All patient anterior-posterior (AP) radiographs were assessed using the modified Risser-Ferguson method of measurement9,10 consisting of estimation of the centroid of each vertebra with a best fit line to approximate the spinal alignment. This method was chosen as these patients did not exclusively have scoliosis warranting the Cobb angle of measurement. Although some had moderate scoliosis, most simply had a ‘lean’ to the left or right not due to muscle spasm (not an antalgic posture). This measurement method has good to very good inter- and intra-rater reliability.9,10

All patients underwent treatment to correct the coronal plane deformity. Chiropractic BioPhysics© (CBP©) methods3,11,12 that incorporated opposite lateral translation exercises, spinal adjustments, and spinal traction were employed in the attempt to reduce the deformities. CBP technique methods are an evidence-based approach to postural disorders that incorporates corrective ‘mirror image©’ postural exercises, spinal adjustments and spine traction in the opposite of the presenting posture misalignment. For this series, an opposite lateral displacement of the spine and torso was the corrective approach for these patients.

Specifically, all patients performed exercises, adjustments and traction in the office as well as home exercises. The exercises consisted of a right or left thoracic translation on a vibration platform (Powerplate®, Performance Health Systems LLC, Northbrook, IL, USA) for a 2-minute duration (Figure 1).13 Each repetition was held for 5 seconds with a 1-second rest. Prescription of home exercises were also given at a frequency of 100 per day. All patients received manual adjustments which consisted of thoracolumbar spinal manipulation and application of a hand-held instrument (Impulse®, Neuromechanical Innovations, Chandler, AZ, USA) to the paraspinal muscles while positioned in the mirror image posture (i.e. torso positioned left or right relative to the pelvis) while laying prone on an adjusting table. All patients were placed in the Meyer’s wall traction unit (Circular Traction Supply, Inc., Huntington Beach, CA, USA) which stressed the spine to the left or right relative to the pelvis in a standing or seated position (Figures 2 and 3). Each patient worked up to a maximum of 12 minutes in the wall unit. Two patients were seated (Patients 3 and 4) and three were positioned standing in the wall unit (Patients 1, 2 and 5). The patients who were seated could not tolerate standing due to getting either light headed and/or having difficulty with the intensity of standing traction. A summary of the patient data and results are shown in Table 1.

Figure 1
Figure 1.Corrective ‘mirror image’ exercises. The patient translates their torso to the left or right, whichever is opposite to their presenting coronal asymmetry.
Figure 2
Figure 2.Translation traction. Side-shifting corrective traction is performed to pull the torso opposite of the presenting posture.
Figure 3
Figure 3.Translation traction. Side-shifting corrective traction is performed to pull the torso opposite of presenting posture. The seated position is preferred for patients with balance or lower extremity strength issues.
Table 1
Table 1.Patient age, sex, number of treatments, pre- and post- pain and radiographic details.

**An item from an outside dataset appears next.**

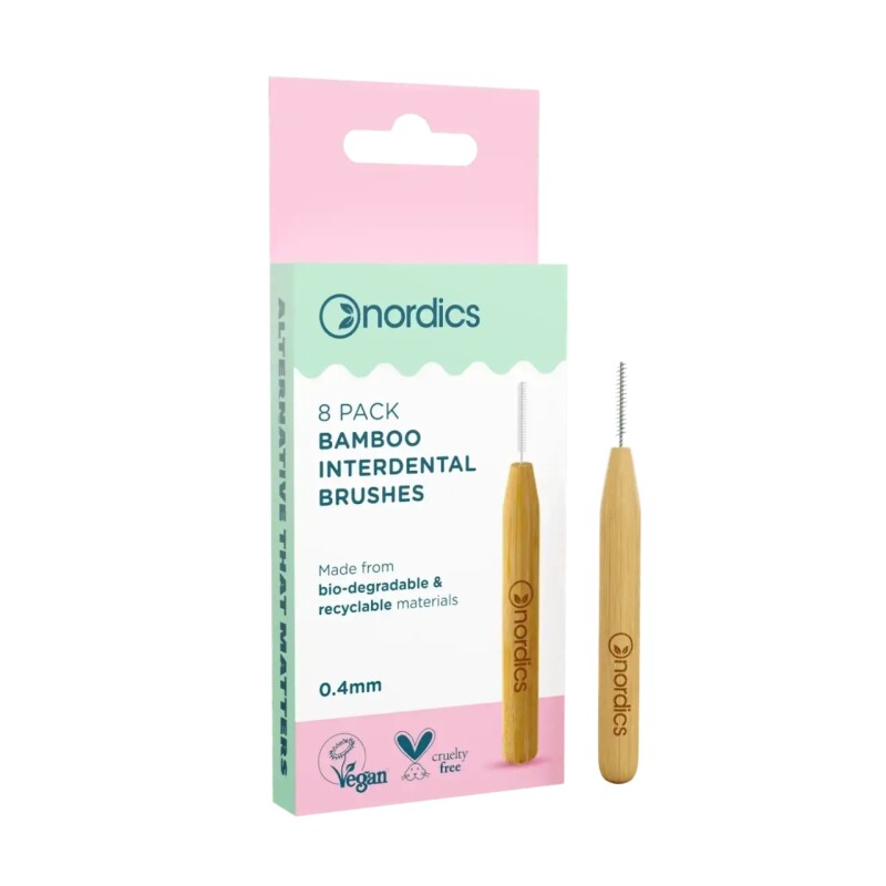 Froomo, маркетплейс професійної косметики та товарів для здоров'я\\Набір з 8-ми бамбукових міжзубних йоржиків Nordics 0,4мм. Міжзубні йоржики Нордікс

Note: NPRS: numeric pain rating scale (0= no pain, 10= worst pain ever); Txt(s): treatment(s).

Results

Case 1

A 51-year-old male (185cm, 141kg) presented with a chief complaint of low back pain (LBP) and secondary complaints of numbness in the feet, cold feet, ankle pain, mid-back cramping, heartburn, neck pain and stiffness, as well as allergies.

He had an observable right thoracic upper body translation. Static palpation revealed hypertonicity, tenderness upon palpation, and motion restriction at right T5, right sacrum, left L2, left L5, right T12, right C7 and left C3. The patient also had positive signs for the orthopedic tests of Soto Hall for LBP, Kemp’s test bilaterally and Yeoman’s test on the right. Muscle testing showed a 4/5 for knee flexion on the left and right. Range of motion testing demonstrated lumbar flexion, extension, bilateral lateral flexion and rotation showed restriction and elicited pain throughout the entire lumbar spine region. Reflex testing showed the right patellar and left Achilles’ reflexes were diminished (1+). Dermatome sensory testing showed that areas associated with L4, L5 and S1 showed hypoesthesia on the left.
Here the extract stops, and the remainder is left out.